California Gov. Jerry Brown signed into law a "bill of rights" that backers say will help protect LGBT seniors from discrimination or mistreatment in long-term care facilities.
 
But under the new law, care workers and facilities could face fines or even jail if they don't address a transsexual patient by their desired sex.
 
"SB219 gives the state new power to determine what is wrong speech and what is right speech," Randy Thomasson of SaveCalifornia.com told CBN News. "The punishment can be stiff fines or jail time.  The state of California has thrown land mines over these care homes and people are going to step on them."
 
Thomasson says care facilities will also not be able to move or evict a transsexual resident for acting out their transsexual behavior, even if other residents are disturbed by it. He also says that care workers will be forced to "dress up a biological man, if he demands it, in bra, panties, and women's clothes...women's earrings and necklaces and panty hose and women's shoes, and being forced to apply make-up, eyeliner, and lipstick."
 
In addition to the threat of a $1,000 fine and up to a year in jail for employees, care homes that fail to comply with the new law could incur a fine up to $150,000 levied by the state Fair Employment and Housing Commission, have their operating license revoked, or both.

"The homosexual activists have gotten everything they wanted in California law," Thomasson says. "This transsexual agenda is being pushed now to destroy free speech. If 'Jeff' now wants to be called 'Jane', you better do it or you could get fined, shut down, or have jail time." 
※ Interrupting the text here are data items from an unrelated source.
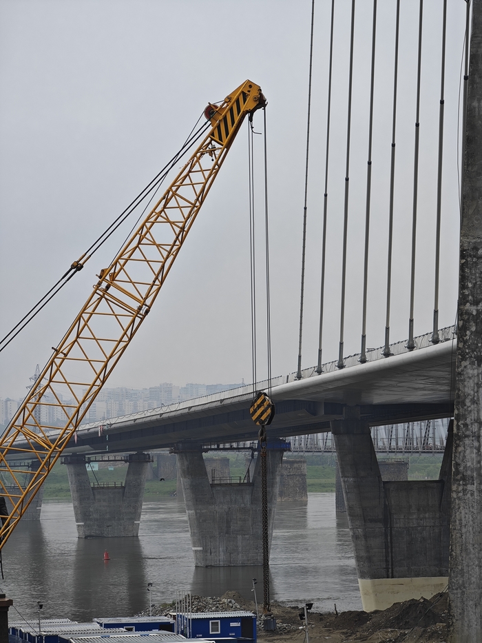 Два моста. Октябрьский (автомобильный) и перед ним метромост. Очень классно находиться рядом и слушать, как едет метропоезд, звук классный.
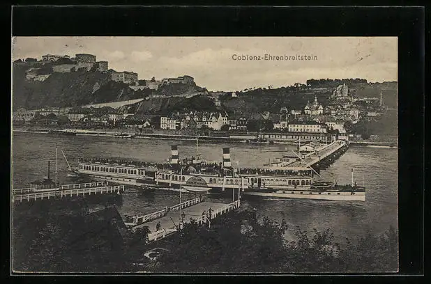 AK Coblenz-Ehrenbreitstein, Rheindampfer Kaiserin Auguste Victoria passiert Schiffsbrücke
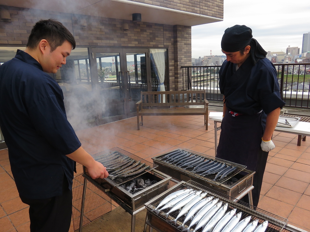 サンマ焼きを行いました。サンマは大きく、身がたっぷり入っている
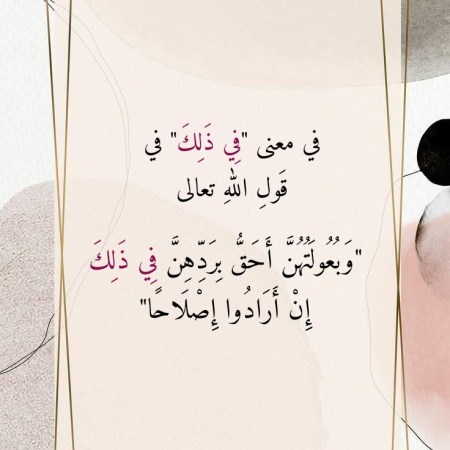 في معنى “فِي ذَلِكَ” في قَولِ اللهِ تعالى “وَبُعُولَتُهُنَّ أَحَقُّ بِرَدِّهِنَّ فِي ذَلِكَ إِنْ أَرَادُوا إِصْلَاحًا”
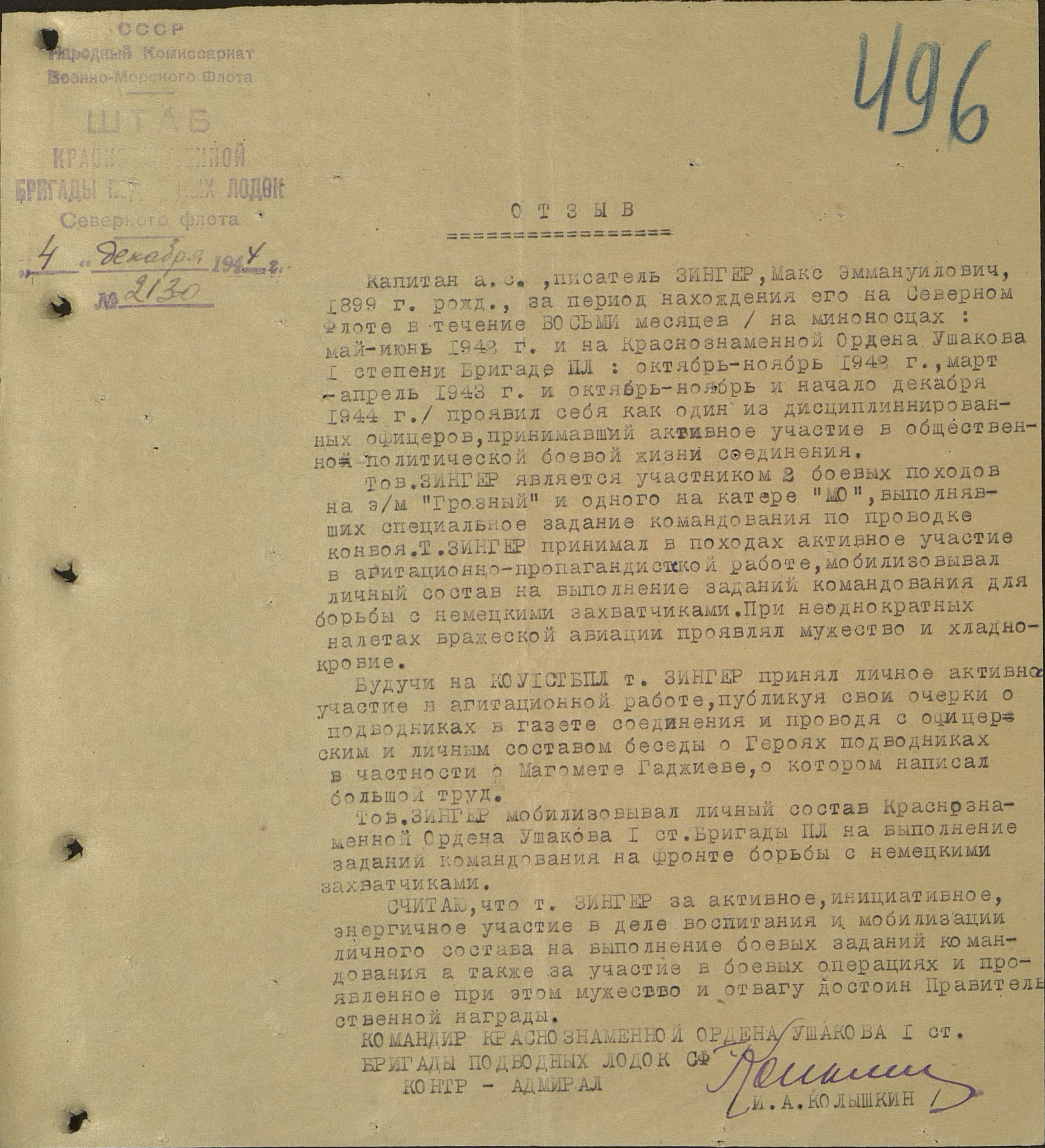 Магомед Гаджиев. (Очерк о командире-подводнике, Герое Советского Союза). М.-Л., изд. и 3-я тип. Военмориздата в Мск., 1945. 123с.
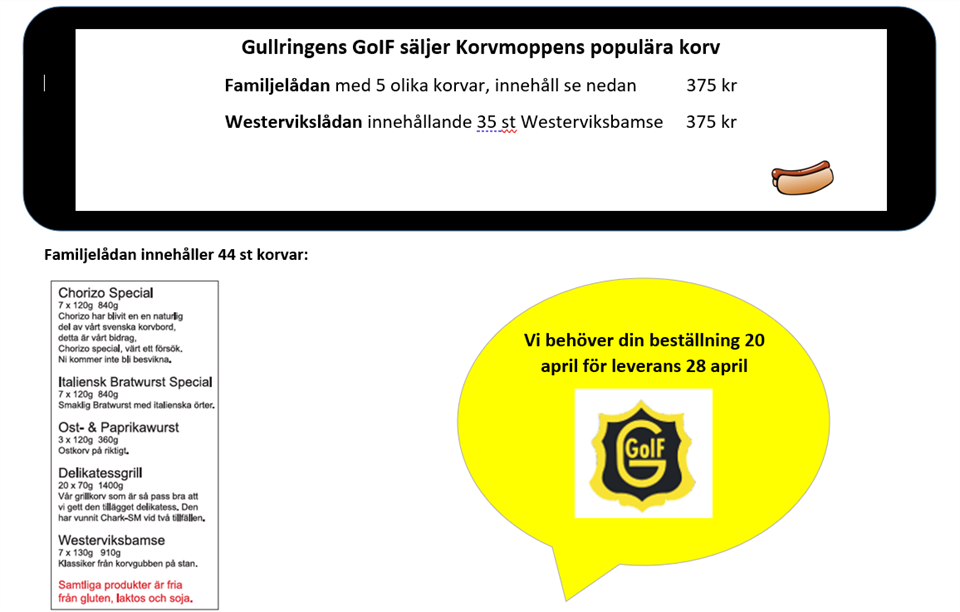 Lagom till grillsäsongen drar igång på allvar så säljer vi nu Korvmoppens korvlådor. Familjelåda med 5 olika sortes korv 44 st - 375 kr Westervikslåda innehållande 35 st grillkorv Westerviksbamse - 375 kr Senast 20 april behöver vi din beställning för leverans 28 april Sms:a eller ring 076-1155193 Jessica Eriksson för beställning

Thomasson says California may just be the beginning and similar laws could start popping up around the country. 

"What happens in California, either good or bad, are ideas that percolate in other state legislatures and you've got to be aware of this coming to your state," he says. 
 
"The only way it can be defeated," Thomasson says, "is for the Supreme Court of the United States to overturn it as an infringement of the First Amendment."